I heard this news blurb recently on the radio, and found it again online by accident recently.
According to the latest research, women are brighter than men.
For the first time in IQ testing, psychologists have found that female scores have risen above those of men.
http://www.dailymail.co.uk/news/article-2173808/Women-overtake-men-IQ-tests-time-100-years-multitasking.html
What is really bizarre about this piece of news is that IQ tests are designed so that male and female IQ scores come out to be equal. I came across that factoid by chance while purusing a book on brain/AI/intelligence recently…
It is interesting to note that the procedure for selecting questions for this test was that the questions had to satisfy preconceived notions of what results the test should produce. This is standard practice in all intelligence test construction. For example, questions that yield systematically higher scores for either boys or girls are eliminated. By use of question selection and scoring procedures, the test was constructed so that for the white American population, biased somewhat toward urban and above-average socioeconomic level persons, the scores would have a normal distribution with an average score of 100, and a standard deviation of 16.
(“Intelligence: The Eye, the Brain, and the Computer”, Martin A. Fischler & Oscar Firschein, 1987, page 10)
...and Wikipedia confirms this…
Most IQ tests are constructed so that there are no overall score differences between females and males.

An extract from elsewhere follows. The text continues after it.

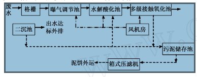 經過多方調查和小試的基礎上,最后選擇水解酸化-多級接觸氧化工藝為主體工藝,工程完工后,進行了3 個多月的調試運行。
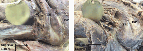 The cadavers were placed in a prone position where the skin and subcutaneous tissue of the back and shoulder were removed to expose the muscles arising from the posterior aspect of the scapula. The trapezius muscle was incised along the medial attachments to the spinous processes of the vertebral column and the superolateral attachments on the scapula and clavicle. The trapezius muscle was reflected superiorly to better expose the posterior aspect of the deltoid muscle and the rotator cuff muscles. The deltoid muscle was incised along the attachments to the clavicle, as well as the spine and acromion of the scapula. The deltoid muscle was reflected laterally to expose the head of the humerus, and the distal attachments of the rotator cuff muscles. The axillary nerve and accompanying posterior circumflex humeral vasculature along the deep surface of the deltoid was preserved. The fascia overlying the TM and infraspinatus muscles was removed with blunt dissection to clean the surface of the muscles in order to visualize the attachment of the TM. Because the TM is closely related to the infraspinatus, care was taken to identify the TM by the insertion and innervation. Probe dissection was used to further separate the TM from the infraspinatus muscle.

http://en.wikipedia.org/wiki/Sex_and_psychology
So why is this even news? They structure IQ tests so that males and females come out the same, then when that equality varies by a few points, they report that one sex is brighter than another! Even if one asserts that one sex’s average IQ is changing in recent years, on an absolute scale that particular sex’s IQ might be offset by a much farther amount than a few points. That possibility isn’t even considered in the discussion in that news article. Either the reporter is unaware of IQ test structuring, or there is some other issue involved that wasn’t mentioned, or else somebody has some strange agenda to promote some point of view.
Of more interest to me, though still a minor issue, is that Fischler & Fischler’s book mentions that IQ has a standard deviation of 16, which conflicts with Wikipedia’s statement that that standard deviation is 15:
When modern IQ tests are devised, the mean (average) score within an age group is set to 100 and the standard deviation (SD) almost always to 15, although this was not always so historically.
http://en.wikipedia.org/wiki/Intelligence_quotient
Maybe in 1987 the standard was different. The only reason I even noticed the discrepency is lately I’ve been working so extensively with the statistics of testing as related to IQ tests, as I’ve reported in an earlier post. Another explanation, more likely: I merely typed it wrong. I’ll check on that within a week when I get back to the library.